Herb-Crusted Salmon with Quinoa Power Bowl

This is an example of a meal that Solin would create to include in your personalized meal plan.

Herb-Crusted Salmon with Quinoa Power Bowl

YOUR SOLIN GENERATED RECIPE

Herb-Crusted Salmon with Quinoa Power Bowl

Savor a delightful combination of succulent herb-crusted salmon paired with a fluffy quinoa power bowl.

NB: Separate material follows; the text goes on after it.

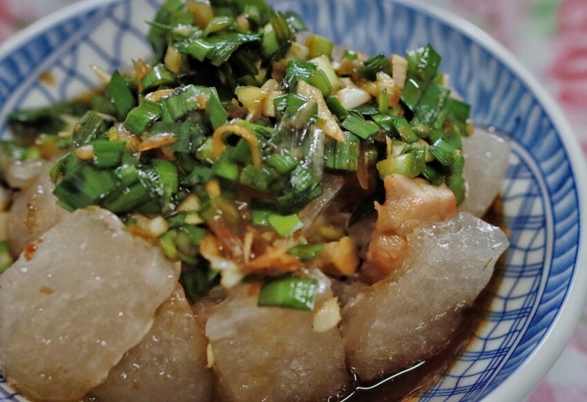 真心推薦愛吃韭菜的人一定要點米腸加菜,米腸切開後韭菜加到爆;而煙熏雞肉捲也是我很喜歡,加辣吃更是絕!也要說阿鄭伯古早味小吃的醬料真的很保有著傳統客家風味,愛吃韭菜的你們可千萬不要錯過這家。

This dish bursts with fresh parsley, dill, and a zesty lemon kick, bringing both vibrant flavors and balanced nutrition to your plate.

NUTRITION

564kcal
Protein
38.7g
Fat
25.4g
Carbs
40.2g

SERVINGS

1 serving

INGREDIENTS

5 ounces Salmon Fillet

1/2 cup Cooked Quinoa

2 tbsp Fresh Parsley

2 tbsp Fresh Dill

1/4 cup Whole Wheat Panko

1 tbsp Lemon Juice

1 tsp Olive Oil

1/4 tsp Salt

1/4 tsp Black Pepper

PREPARATION

  • 1

    Preheat your oven to 400°F.

  • 2

    In a small bowl, combine the whole wheat panko, chopped fresh parsley, and dill along with salt and black pepper.

  • 3

    Pat the salmon fillet dry and brush lightly with olive oil and lemon juice.

  • 4

    Press the herb and panko mixture onto the top of the salmon to create a crust.

  • 5

    Place the salmon on a baking sheet lined with parchment paper and bake for 12-15 minutes, or until the salmon flakes easily with a fork.

  • 6

    While the salmon bakes, prepare the quinoa if not already cooked. If needed, fluff the quinoa and season lightly with a pinch of salt and a drizzle of lemon juice.

  • 7

    To serve, layer the cooked quinoa in a bowl and top with the herb-crusted salmon. Garnish with additional fresh herbs if desired.